On requesting authorization for physiotherapy in August 2016, the physiotherapist indicated clinical findings including positive bilateral straight leg raise, with pain noted on the left and the diagnosis of chronic low back pain. On discharge from physiotherapy on January 23, 2017, the physiotherapist noted the worker had returned to the level of function and symptoms they had “prior to this flare-up.” The March 13, 2018 physiotherapy request was based on another flareup of the worker’s left-sided low back pain. At that time, the WCB physiotherapy advisor noted “In consideration of the natural history of the diagnosis accepted on file, there will likely be periods of waxing and waning of symptoms to the lower back. Further in clinic care is unlikely to alter the natural history of recovery. Any funding would be adjudicative in nature.” The physiotherapy discharge report of May 7, 2018 indicated the worker’s acute symptoms were settled but the worker reported continued central pain and the left sided range of motion was limited in terms of flexion.

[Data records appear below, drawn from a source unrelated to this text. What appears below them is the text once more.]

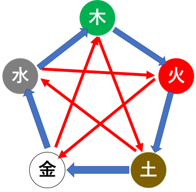 次に図の赤い矢印で結ばれた関係は「相剋」といい、「相性が悪い」とされています。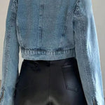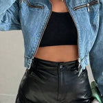 Trendy kort denimjakke med lynlås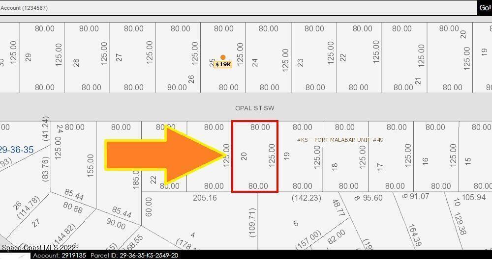 0.23 acre buildable single family residential lot available in Port Malabar Unit #49 of Palm Bay. Located in the southwest section, this lot is just 3.3 miles - 7 minutes to Westside Elementary School, 5.2 miles - 11 minutes to the Publix Supermarket, 16.5 miles - 34 minutes to Melbourne Airport, 18.4 miles - 37 minutes to the beaches of Indialantic. From exit #176 of I-95 go west on Palm Bay Road for .7 miles, left on Minton Road for 3.3 miles, right on Jupiter Boulevard for .1 mile, left on DeGroodt Road for 4.6 miles, right on St Andre Boulevard for 1.2 miles, right on Madden Avenue for .2 miles, and right on Opal Street. The lot will be on your right.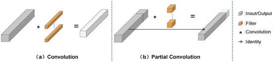 When the partial convolution ratio r (/c) is 1/4, the FLOPs of the partial convolution is only 1/16 of the regular convolution, while the memory accesses are only 1/4 of the regular convolution. This optimization strategy not only improves the computational efficiency but also effectively reduces the read and write operations of the memory, which further improves the efficiency of the convolution algorithm.

Similarly, the present request for physiotherapy was based upon the worker’s report of a “recent flare up of symptoms in low and mid back with increasing intensity. Worse with prolonged standing. Pain sometimes takes [their] breath away. R[ight] leg goes numb on occasion and looses (sic) power.” The physiotherapist recorded lumbar spine reduced range of motion, worse on the left than the right with all movement painful, a positive slump test, bilateral “low back and post leg pain” bilaterally, as well as positive bilateral straight leg testing at 65-70 degrees. The recommended treatment was for a total of 16 visits, with two visits weekly for 6 weeks followed by one visit weekly for 4 weeks, with a home exercise program also recommended.

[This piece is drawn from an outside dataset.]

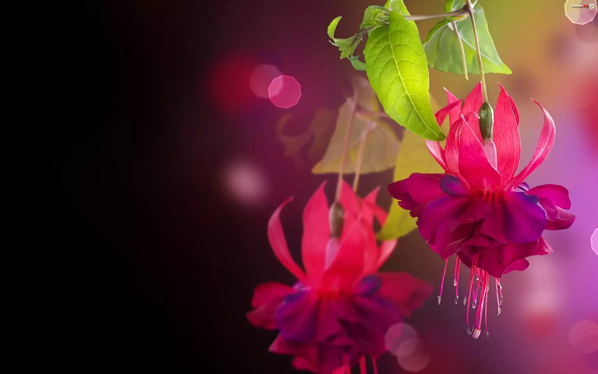 Kwiat, Liście, Bokeh, Fuksja - Zdjęcia

The panel noted that the prior requests in 2016 and 2018 were approved on an adjudicative basis, in each case authorizing a limited course of physiotherapy to provide relief to the worker from an occasional acute flare up, which was found to be related to the worker’s compensable injury. Although the WCB physiotherapy consultant, in their October 5, 2022 report noted some new findings in the most recent request for treatment, they also concluded that “The diagnosis of mechanical lower back pain would likely be related to the compensable injury, however the osteoarthritis changes and right radicular pain would not likely be considered related to the compensable injury.” The panel accepts that the proposed treatment is not intended to cure the worker from their chronic low back condition, it is likely, based on the recent history, to provide relief to the worker from the acute flare up of symptoms related to that condition.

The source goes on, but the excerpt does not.